The patrollers huddle together to outline the day’s agenda. Captains share plans for pickets and updates from the negotiating committee. The 78-person bargaining unit, whose members have between one and 53 years of experience on the Telluride Ski Patrol, is well versed in discussions and debriefs. In the past, while working under contract, they’ve huddled pre-dawn to go over the plan for launching explosives from a howitzer to trigger an avalanche. On other occasions, after a high-angle rescue in forested, cliff-cut terrain, they’ve huddled to discuss what went right and what could be improved. They’ve huddled to celebrate promotions, weddings, and births; to mourn the loss of colleagues to ski accidents; to raise a glass to a patroller whose quick-thinking led coworkers and guests out of a perilous situation.

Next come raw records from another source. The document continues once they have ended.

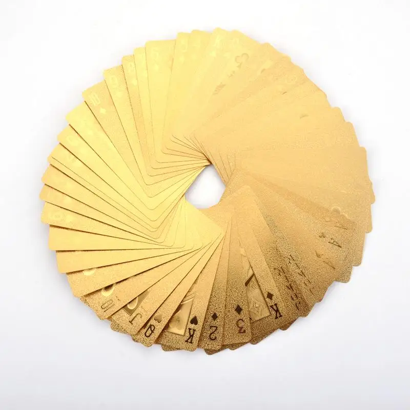 Durable Waterproof Plastic Playing Cards Gold Foil Poker Golden Poker Cards 24K Gold-Foil Plated Playing Cards Poker Table Games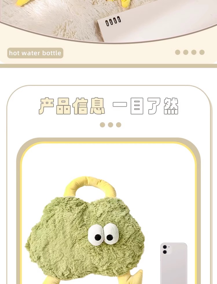 这款新款暖水袋拥有可爱的外观设计,外套采用可拆洗设计,方便清洁和保养。它采用普通水作为加热介质,安全卫生,拒绝易腐蚀的化学液体。双插口设计不仅美观,而且更加实用,方便您同时使用两个插口。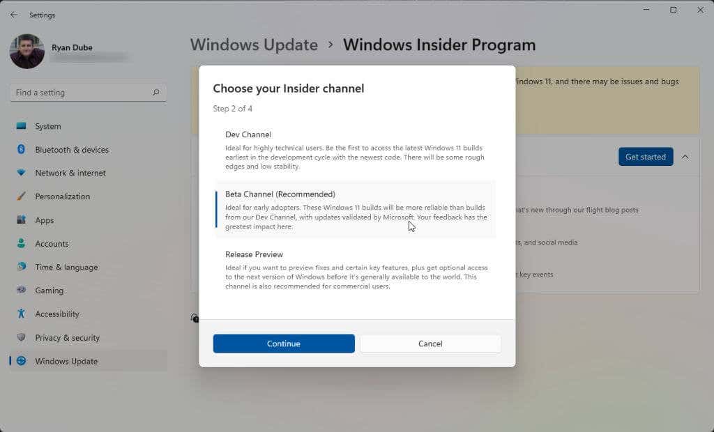 5. Sau khi đồng ý với các điều khoản của chương trình, bạn sẽ thấy ba kênh Người dùng nội bộ để lựa chọn. Để cài đặt Amazon Appstore, bạn sẽ muốn chọn Kênh thử nghiệm. Sau đó chọn Tiếp tục.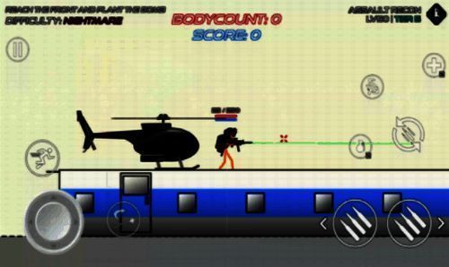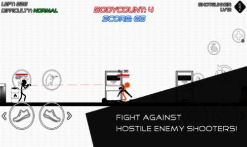 3、游戏按键设计经典,屏幕左侧控制角色移动,连续两次点击可跳跃躲避子弹。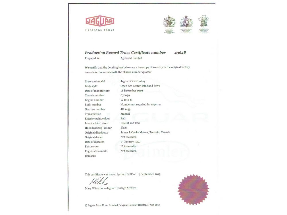 And so we are dealing with a very rare car. Of those 184 copies, this beautiful one in red is also an early one, because 'number 59' was ready on December 16, 1949. In January 1950 the car was shipped to James L Cooke Motors in Toronto, Canada. By the way, we don't have to dig deep for this data, we can get it from the supplied Heritage Trust Certificate.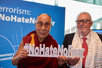 His Holiness the Dalai Lama supporting a youth campaign to counter terrorism #NoHateNoFear with Mr. Pedro Agramunt, President of the Parliamentary Assembly at the Council of Europe in Strasbourg, France on September 15, 2016. Photo/Olivier Adam

The patrollers have broken from these gatherings at the end of the day to move onto second jobs as bartenders and servers at local restaurants. They’ve changed out of ski gear and driven an hour and half back to their homes on the other side of mountain passes. Some returned to employee housing where black mold plumed across the walls of ill-ventilated bathrooms, where they’ve seen hinges rust clean through and doors clatter onto linoleum floors. They’ve crashed on friends’ couches or crawled into beds in rooms that cost nearly two thousand dollars a month to rent. They slipped behind the wheels of camper vans and trucks outfitted with custom-sewn curtains and drove them below the darkened outlines of multi-million-dollar mansions, past the private drives leading to ranches owned by Tom Cruise or Oprah Winfrey or Neil Young and Daryl Hannah. They’ve driven beyond the jurisdiction of municipal no-camping ordinances to pulloffs where they’ve heated their dinner on campstoves. They’ve awoken at 3:30 am to head back to work.

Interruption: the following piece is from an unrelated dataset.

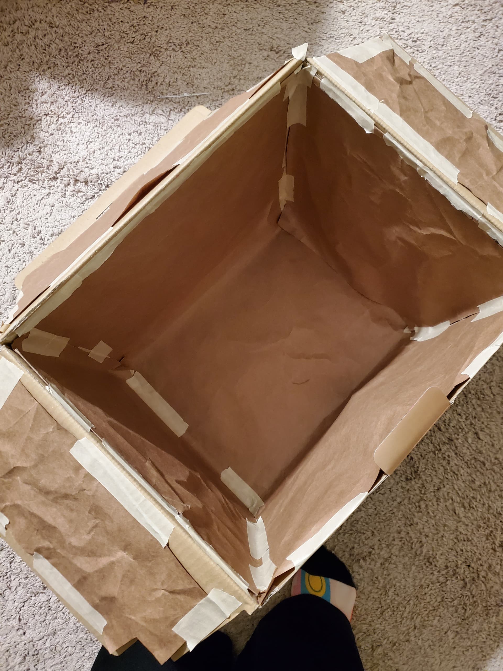 Prompt: Free Range 1 Team: Pepperoni Posse Project Name: Relining the splatter box Project Link: N/A Brief Description: I decided it was time to replace the lining in my paint splatter box. Originally it had a variety of magazine, phone book, map, etc. pages, but this time I simplified (ha!) by using a roll of kraft paper. Project Photo(s):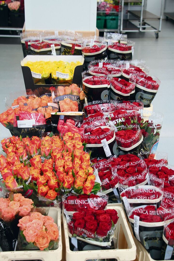 Die Rosenproduktion in der Schweiz reicht bei Weitem nicht aus, um die Nachfrage zu decken. Darum kauft die Blumenbörse das ganze Jahr über Rosen bei niederländischen Grosshändlern ein. «Sie werden im Flugzeug platzsparend ohne Wasser transportiert», erklärt Pascal Speck. Eine im Winter gekaufte und in Äquatornähe geschnittene Rose ist etwa vier Tage unterwegs, bis sie beim Endkunden ist. Eine Schweizer Rose im Frühsommer wird am Morgen auf dem Feld geschnitten und bei der Blumenbörse angeliefert. Am Vormittag steht sie bereits im Fachgeschäft zum Endverkauf. Auch Protea-Blüten, jetzt in der Winterzeit populär, stammen aus Zuchtbetrieben in Südafrika. Während unseres Winters herrscht dort Sommer, die Proteas werden draussen angebaut.

Before the strike began on Dec. 27, the union was asking for a contract that would have set a base wage for second-year patrollers at $27 per hour, up from $21.28. Workers with five to ten years of experience would have received a minimum of $30 per hour, and the three people who have been on patrol for 50-plus years (since a time when Telluride was a funky old mining town with 35-cent beers) would have made around $50 hourly, or roughly the starting wage of local EMTs and firefighters.
Telluride Ski and Golf, also known as Telski, offered a contract where the majority of the patrol would have earned under $30 an hour with a $24 starting wage. The total difference between the two proposals was less than $50,000 per year for a resort owned by a billionaire that charges up to $328 for a single-day lift ticket.
The morning huddle breaks. The patrollers pick up signs and the day begins.
When greed hoists the white flag
In 1903, one hundred years before the ski resort sold to California-based real estate and nursing home mogul Chuck Horning for $21 million, the gold and silver mines surrounding Telluride ground to a halt. Hundreds of workers walked away from their ten- or twelve-hour shifts, demanding an eight-hour day with a base wage of $3.
They were organized by the Western Federation of Miners, the militant socialist union that would evolve into the racially integrated and radical Industrial Workers of the World in 1905. The WFM had led a largely successful strike in Telluride two years earlier under the leadership of a young Kentuckian miner and future IWW general secretary Vincent St. John, and they were hopeful that another victory was imminent.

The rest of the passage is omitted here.